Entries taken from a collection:

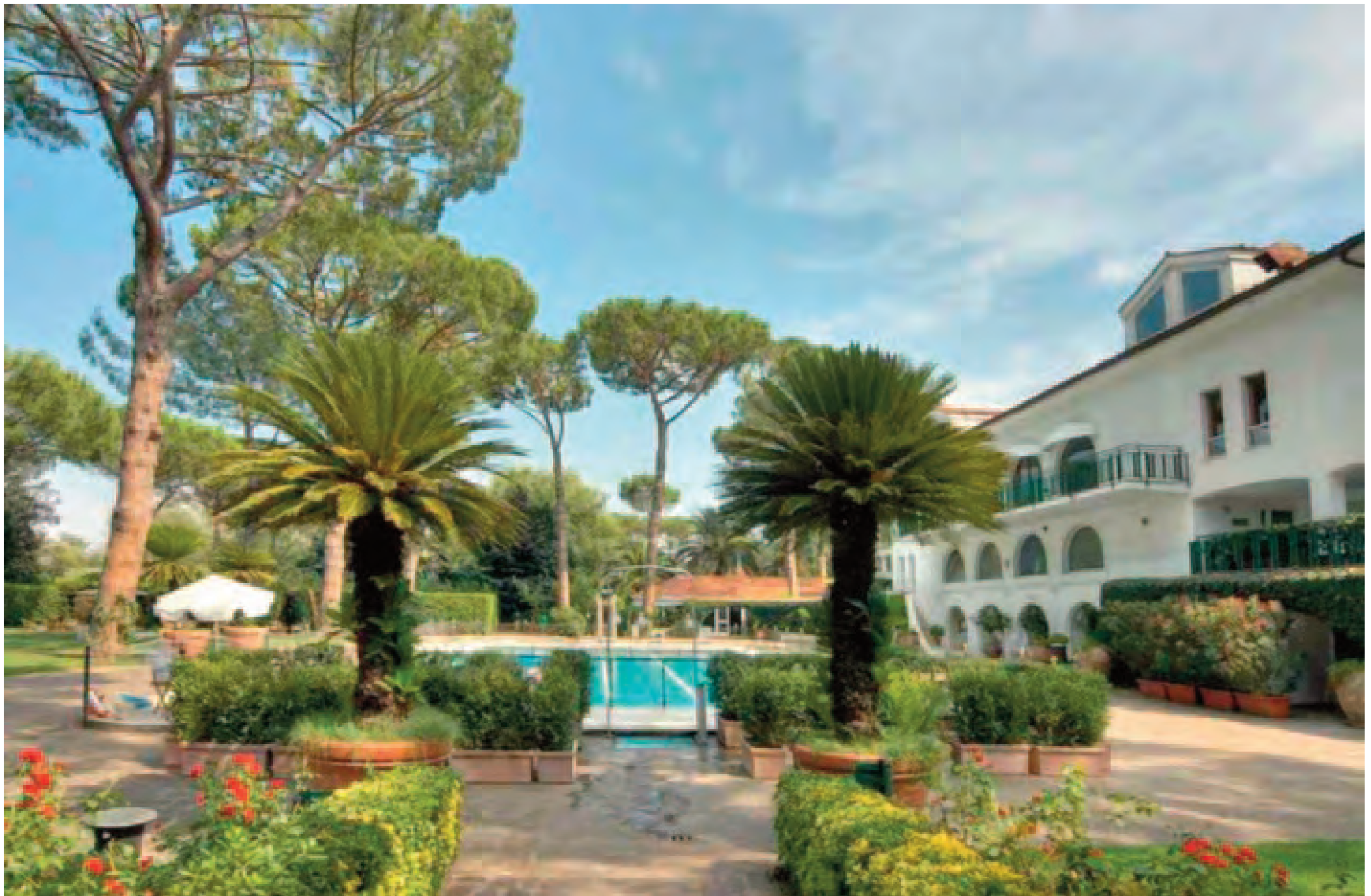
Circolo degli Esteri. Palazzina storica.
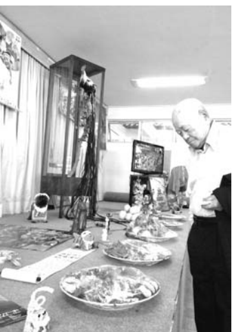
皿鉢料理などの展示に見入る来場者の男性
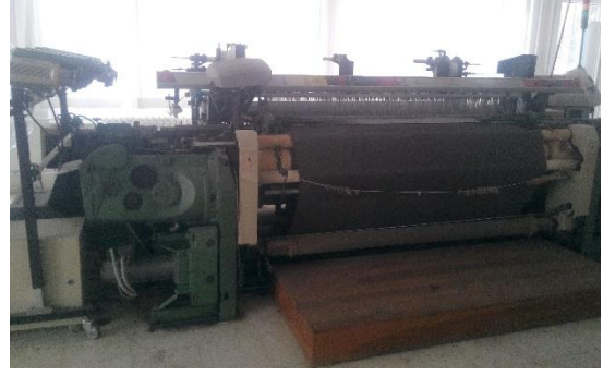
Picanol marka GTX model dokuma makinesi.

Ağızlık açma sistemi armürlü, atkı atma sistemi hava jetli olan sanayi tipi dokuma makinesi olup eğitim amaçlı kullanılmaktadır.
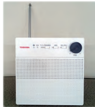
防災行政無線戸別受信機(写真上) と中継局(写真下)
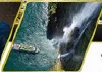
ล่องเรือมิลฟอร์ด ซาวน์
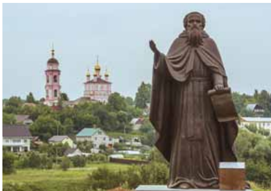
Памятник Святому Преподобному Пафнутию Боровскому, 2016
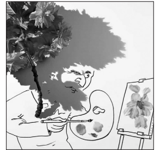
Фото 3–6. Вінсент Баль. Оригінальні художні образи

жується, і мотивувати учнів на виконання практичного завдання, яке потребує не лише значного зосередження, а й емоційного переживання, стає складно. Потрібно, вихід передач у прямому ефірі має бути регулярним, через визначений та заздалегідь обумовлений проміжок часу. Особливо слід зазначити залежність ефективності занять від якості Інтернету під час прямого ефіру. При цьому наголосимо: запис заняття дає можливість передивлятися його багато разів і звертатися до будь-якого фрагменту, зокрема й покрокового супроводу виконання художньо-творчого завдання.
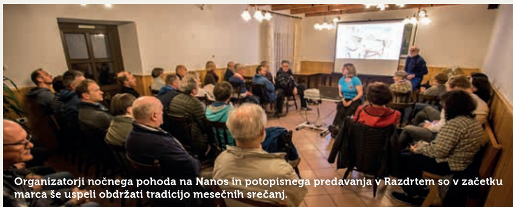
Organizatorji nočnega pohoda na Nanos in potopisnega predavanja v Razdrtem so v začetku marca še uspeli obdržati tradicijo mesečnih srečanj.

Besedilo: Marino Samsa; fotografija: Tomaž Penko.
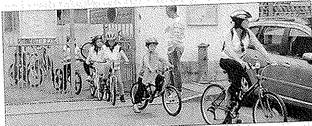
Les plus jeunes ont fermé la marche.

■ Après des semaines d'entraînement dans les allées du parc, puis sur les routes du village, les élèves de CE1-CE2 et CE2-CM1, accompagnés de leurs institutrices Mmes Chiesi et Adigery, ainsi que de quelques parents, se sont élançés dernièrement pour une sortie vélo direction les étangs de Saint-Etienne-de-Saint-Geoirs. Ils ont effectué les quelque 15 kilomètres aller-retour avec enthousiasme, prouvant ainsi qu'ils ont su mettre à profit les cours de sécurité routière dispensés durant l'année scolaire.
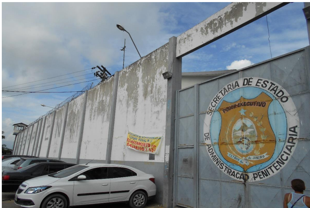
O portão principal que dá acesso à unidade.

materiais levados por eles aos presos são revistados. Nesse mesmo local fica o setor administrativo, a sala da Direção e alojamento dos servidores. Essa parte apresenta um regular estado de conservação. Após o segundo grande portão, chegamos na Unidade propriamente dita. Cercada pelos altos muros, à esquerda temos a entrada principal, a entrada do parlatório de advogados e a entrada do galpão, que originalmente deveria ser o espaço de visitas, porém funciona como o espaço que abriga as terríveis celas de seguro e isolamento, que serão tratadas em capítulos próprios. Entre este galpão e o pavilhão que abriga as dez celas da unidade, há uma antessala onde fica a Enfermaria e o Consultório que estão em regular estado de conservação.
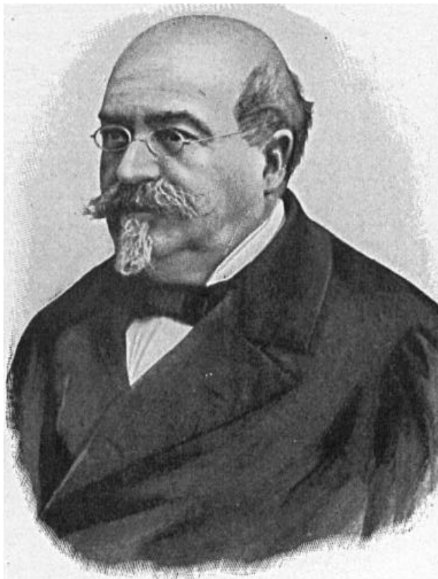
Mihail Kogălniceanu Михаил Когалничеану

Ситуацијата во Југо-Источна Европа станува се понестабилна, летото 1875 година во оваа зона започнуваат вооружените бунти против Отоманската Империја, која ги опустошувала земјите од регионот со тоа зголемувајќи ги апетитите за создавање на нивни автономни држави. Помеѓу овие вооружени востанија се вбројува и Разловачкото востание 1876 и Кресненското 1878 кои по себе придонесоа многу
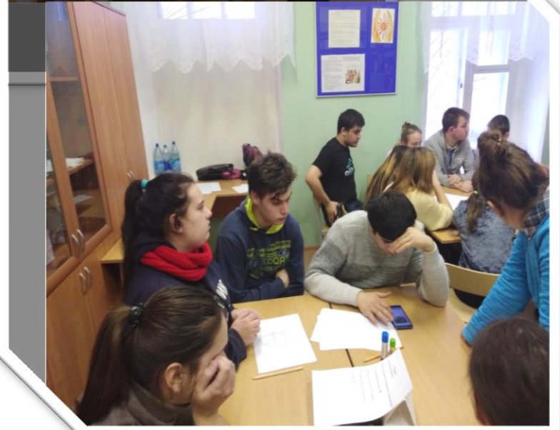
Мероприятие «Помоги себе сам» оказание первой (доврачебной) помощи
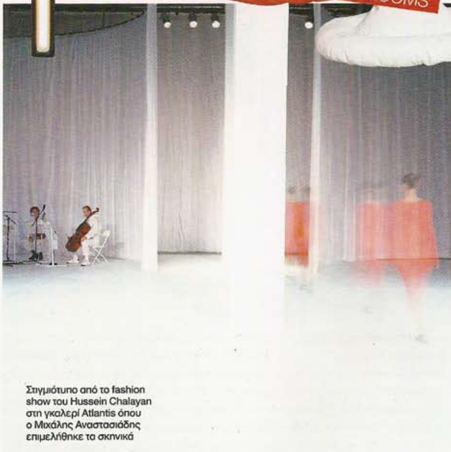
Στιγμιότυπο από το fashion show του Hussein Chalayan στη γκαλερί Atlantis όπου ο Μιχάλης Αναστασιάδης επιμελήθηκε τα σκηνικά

## WHAT THIS TASK INVOLVES
Each line from the first line of the records through the line containing "O portão principal que dá acesso à unidade." must be reproduced exactly, with both ends included and all pictures omitted; nothing else belongs in the answer.

## ANSWER TO THIS PROBLEM
Circolo degli Esteri. Palazzina storica.
皿鉢料理などの展示に見入る来場者の男性
Picanol marka GTX model dokuma makinesi.

Ağızlık açma sistemi armürlü, atkı atma sistemi hava jetli olan sanayi tipi dokuma makinesi olup eğitim amaçlı kullanılmaktadır.
防災行政無線戸別受信機(写真上) と中継局(写真下)
ล่องเรือมิลฟอร์ด ซาวน์
Памятник Святому Преподобному Пафнутию Боровскому, 2016
Фото 3–6. Вінсент Баль. Оригінальні художні образи

жується, і мотивувати учнів на виконання практичного завдання, яке потребує не лише значного зосередження, а й емоційного переживання, стає складно. Потрібно, вихід передач у прямому ефірі має бути регулярним, через визначений та заздалегідь обумовлений проміжок часу. Особливо слід зазначити залежність ефективності занять від якості Інтернету під час прямого ефіру. При цьому наголосимо: запис заняття дає можливість передивлятися його багато разів і звертатися до будь-якого фрагменту, зокрема й покрокового супроводу виконання художньо-творчого завдання.
Organizatorji nočnega pohoda na Nanos in potopisnega predavanja v Razdrtem so v začetku marca še uspeli obdržati tradicijo mesečnih srečanj.

Besedilo: Marino Samsa; fotografija: Tomaž Penko.
Les plus jeunes ont fermé la marche.

■ Après des semaines d'entraînement dans les allées du parc, puis sur les routes du village, les élèves de CE1-CE2 et CE2-CM1, accompagnés de leurs institutrices Mmes Chiesi et Adigery, ainsi que de quelques parents, se sont élançés dernièrement pour une sortie vélo direction les étangs de Saint-Etienne-de-Saint-Geoirs. Ils ont effectué les quelque 15 kilomètres aller-retour avec enthousiasme, prouvant ainsi qu'ils ont su mettre à profit les cours de sécurité routière dispensés durant l'année scolaire.
O portão principal que dá acesso à unidade.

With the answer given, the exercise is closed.